• TO DO: Return the data below unchanged, without images.

• Data records:
'''
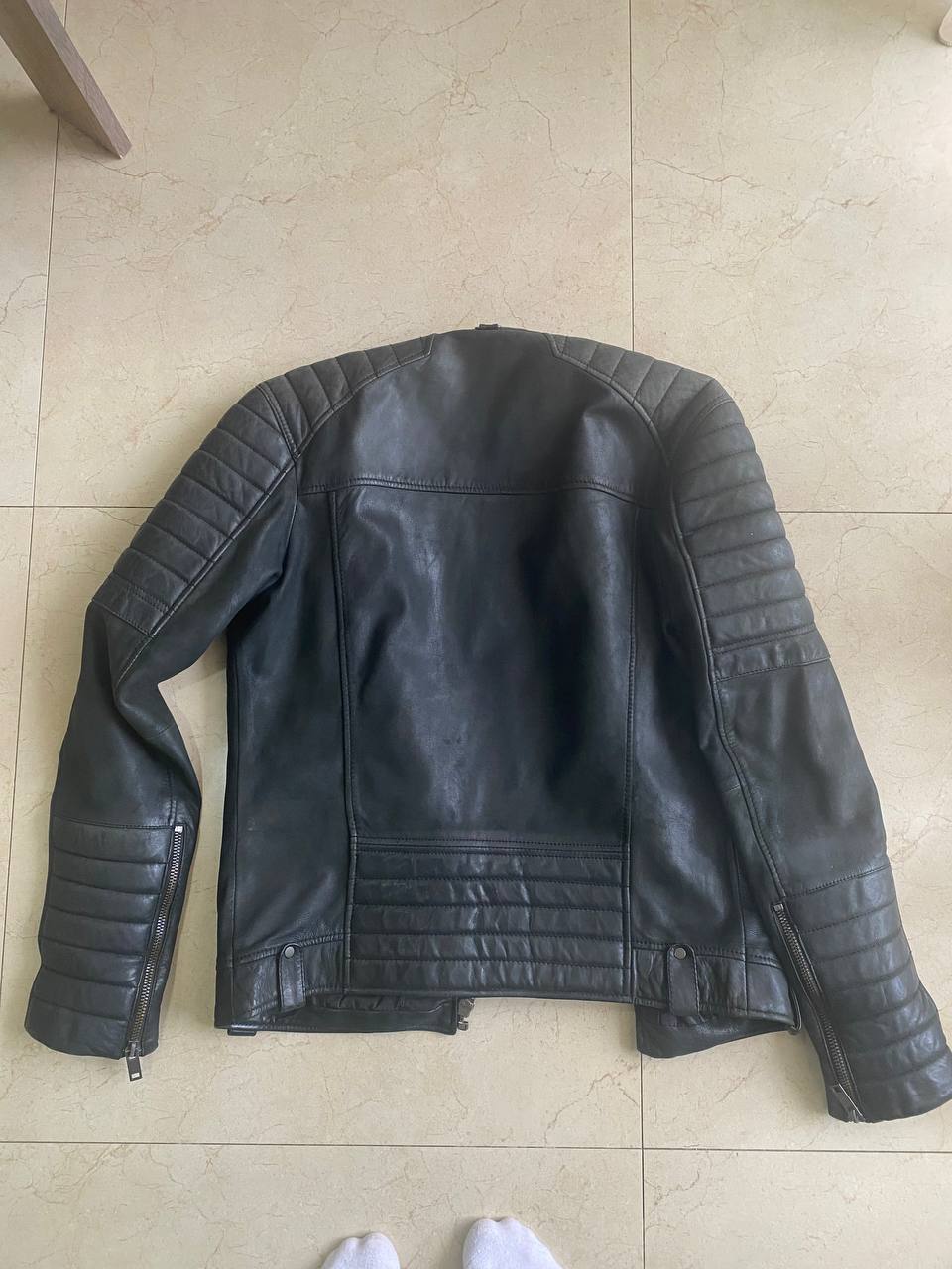 Продам куртку из натуральной кожи. Состояние очень хорошее: вся фурнитура целая, без сильных трещин и потертостей. Есть незначительные следы повседневной носки. Размер: 46. Цена: 170 лари, разумный торг возможен.
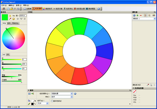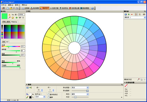 启动ColorImpact后,在软件窗口的左侧区域是用来选择颜色的,在默认状态下是以一个色环的方式来帮助我们选择颜色,同样也可以使用类似于Fireworks CS3的“混色器”面板方式和网络安全色方式来选择颜色,如图6.58所示。
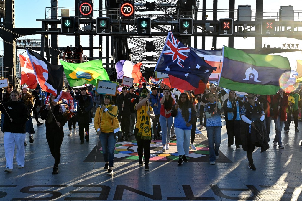 A Fifa calculou que cerca de 4.000 pessoas enfrentaram o frio para participar do evento matinal na Sydney Harbour Bridge.
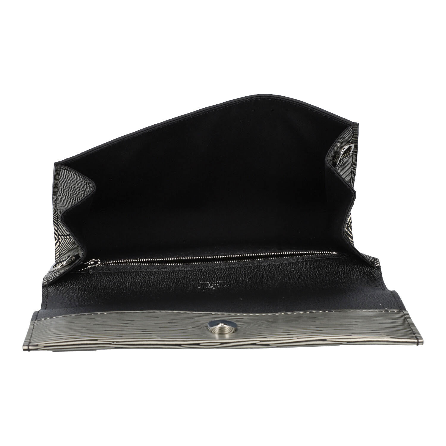 Koll. 2017. Epi Leder Serie in Silberfarben und Schwarz. Tragbar als Clutch/Handtasche oder mit Schulterriemen zum umhängen. Staubbeutel und Schulterriemen anbei. Sehr guter Erhalt. 23x5x15cm.
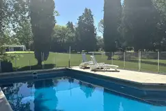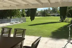 Galeria, parrilla y pileta en un costado dejando un amplio parque.
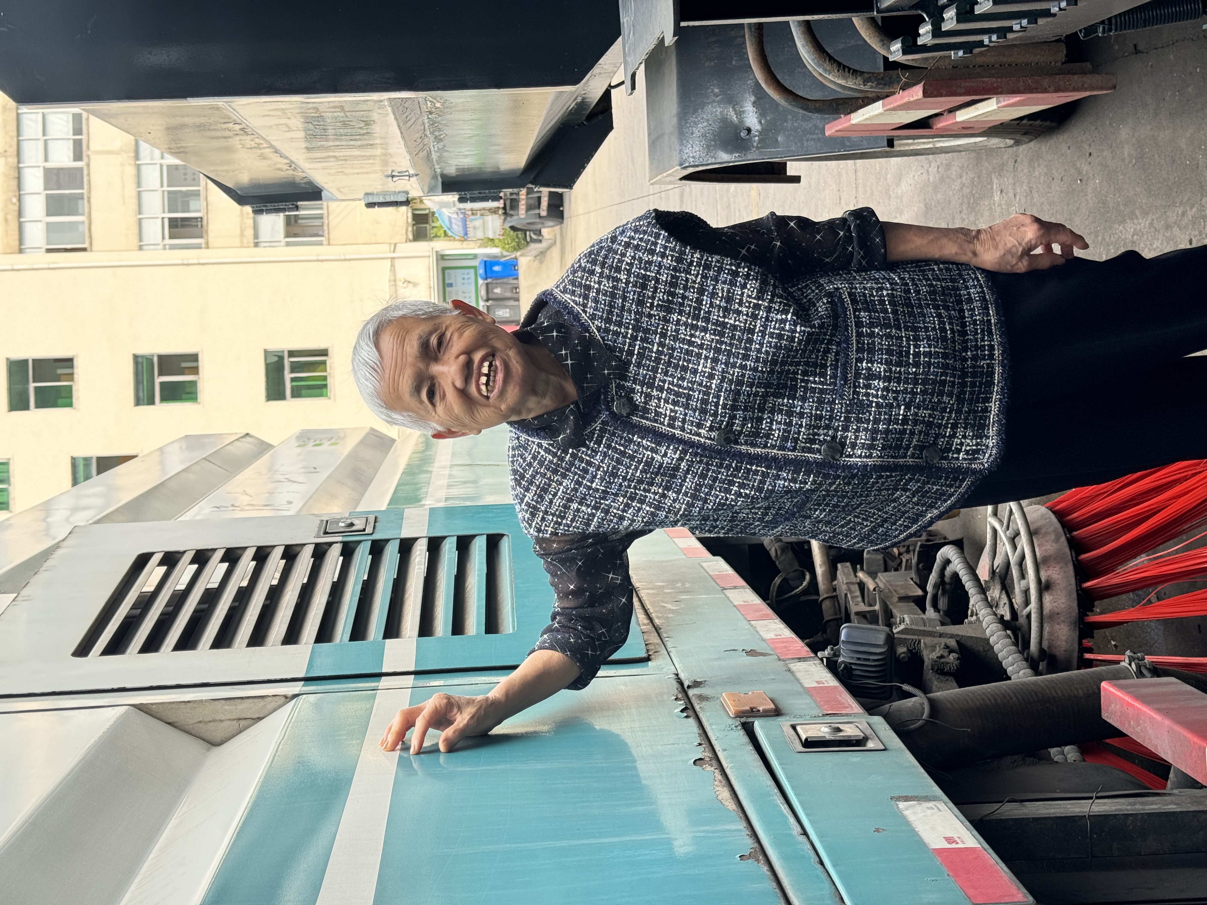 許先林和現(xiàn)代垃圾清洗車。
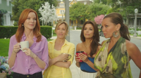 The girls are all sitting at a round table. Lynette is wrapped in a towel, and Susan is drying her head with another towel. Lynette tells them she went food-shopping the day before, and she kept having to put things back. She'd take a couple of cans of peaches, and then she'd remember that only Tom liked them, so she put them back. "Sweet pickles... Tom. Put them back.", she adds, emotionally. Bree reaches out to her and shares her sympathies, saying that with everything that's been going on, she hasn't been there for her. Gabrielle adds that she thinks they've all been guilty of that. She then takes Susan's hand and apologizes to her. Susan says "It's just so damn hard." Gabrielle sympathizes with her and what she just said. Lynette tells her the good thing about Mike and Tom not knowing is they can't be implicated. If something were to happen, at least they'd be okay. Susan thinks quietly for a while, and then says, looking very depressed, "We are never gonna be able to tell anybody about this, are we?"; Bree answers negatively, and asks if she's gonna be able to live with that. Susan looks at Gabrielle, and says she's gonna try. Gaby, still squeezing her friend's hand, smiles at her, and Bree then puts her hand over theirs, followed by Lynette.
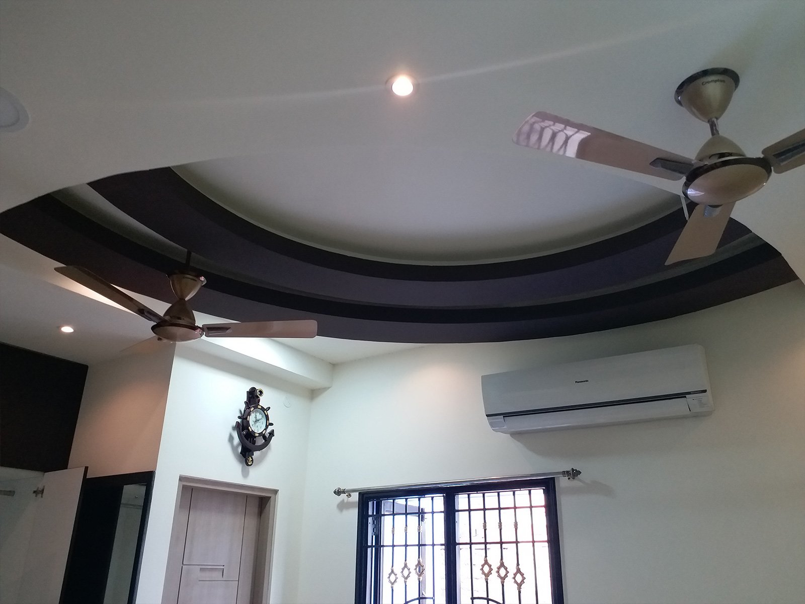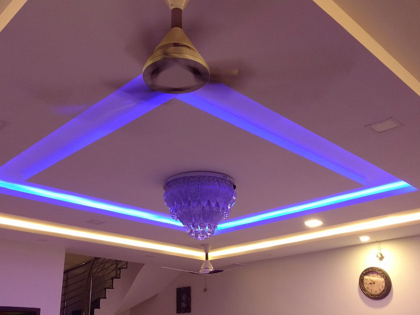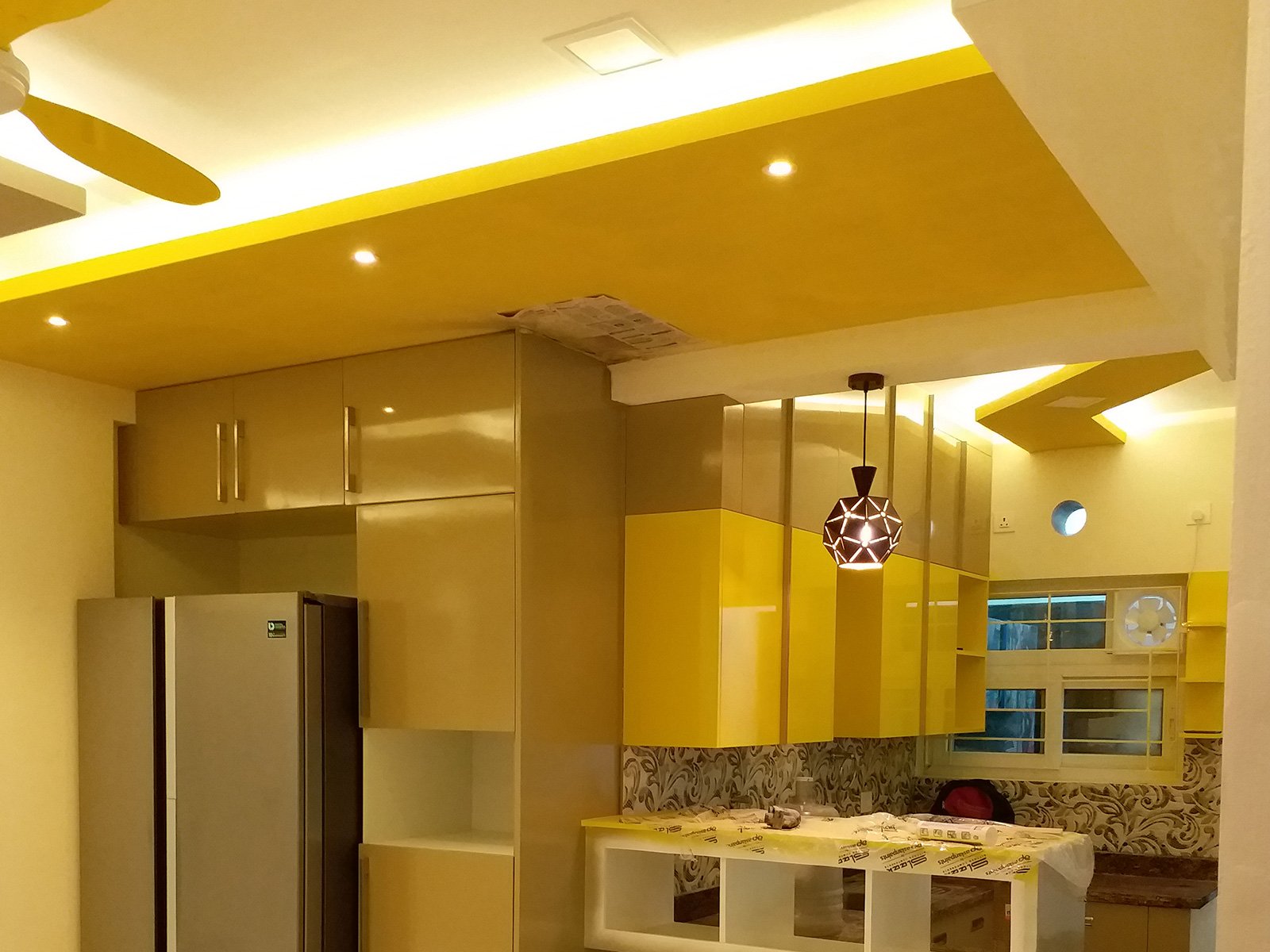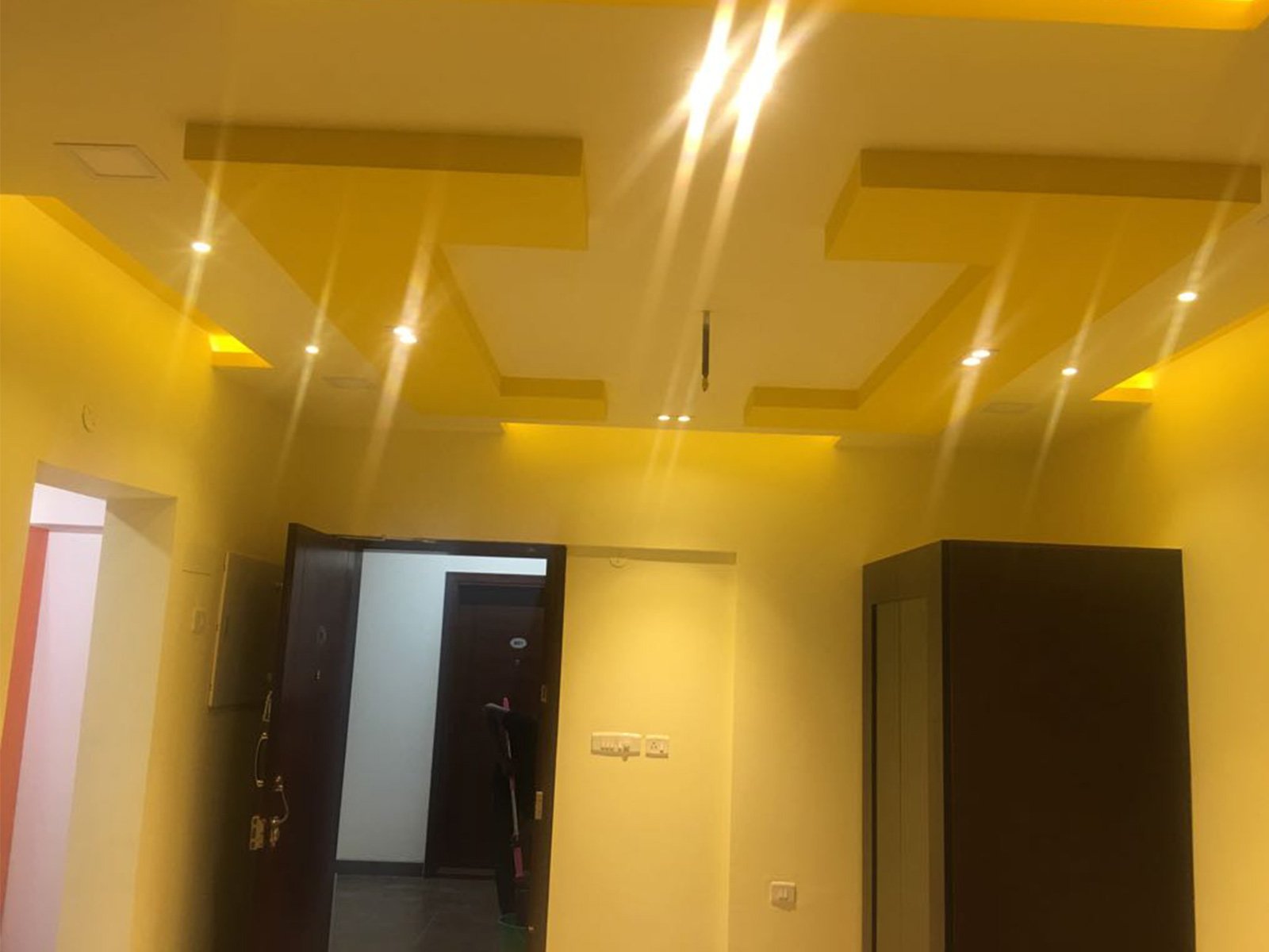 A false ceiling is a fitted ceiling that hangs below the original ceiling of a room or home. It's usually suspended by wooden or metal frames and the illusion it brings of a lower ceiling, sometimes with parts of the original ceiling on display, has earned it the moniker 'dropped ceiling'.
'''
• RESPONSE TO THE EXERCISE:
 Продам куртку из натуральной кожи. Состояние очень хорошее: вся фурнитура целая, без сильных трещин и потертостей. Есть незначительные следы повседневной носки. Размер: 46. Цена: 170 лари, разумный торг возможен.
 启动ColorImpact后,在软件窗口的左侧区域是用来选择颜色的,在默认状态下是以一个色环的方式来帮助我们选择颜色,同样也可以使用类似于Fireworks CS3的“混色器”面板方式和网络安全色方式来选择颜色,如图6.58所示。
 A Fifa calculou que cerca de 4.000 pessoas enfrentaram o frio para participar do evento matinal na Sydney Harbour Bridge.
 Koll. 2017. Epi Leder Serie in Silberfarben und Schwarz. Tragbar als Clutch/Handtasche oder mit Schulterriemen zum umhängen. Staubbeutel und Schulterriemen anbei. Sehr guter Erhalt. 23x5x15cm.
 Galeria, parrilla y pileta en un costado dejando un amplio parque.
 許先林和現(xiàn)代垃圾清洗車。
 The girls are all sitting at a round table. Lynette is wrapped in a towel, and Susan is drying her head with another towel. Lynette tells them she went food-shopping the day before, and she kept having to put things back. She'd take a couple of cans of peaches, and then she'd remember that only Tom liked them, so she put them back. "Sweet pickles... Tom. Put them back.", she adds, emotionally. Bree reaches out to her and shares her sympathies, saying that with everything that's been going on, she hasn't been there for her. Gabrielle adds that she thinks they've all been guilty of that. She then takes Susan's hand and apologizes to her. Susan says "It's just so damn hard." Gabrielle sympathizes with her and what she just said. Lynette tells her the good thing about Mike and Tom not knowing is they can't be implicated. If something were to happen, at least they'd be okay. Susan thinks quietly for a while, and then says, looking very depressed, "We are never gonna be able to tell anybody about this, are we?"; Bree answers negatively, and asks if she's gonna be able to live with that. Susan looks at Gabrielle, and says she's gonna try. Gaby, still squeezing her friend's hand, smiles at her, and Bree then puts her hand over theirs, followed by Lynette.
 A false ceiling is a fitted ceiling that hangs below the original ceiling of a room or home. It's usually suspended by wooden or metal frames and the illusion it brings of a lower ceiling, sometimes with parts of the original ceiling on display, has earned it the moniker 'dropped ceiling'.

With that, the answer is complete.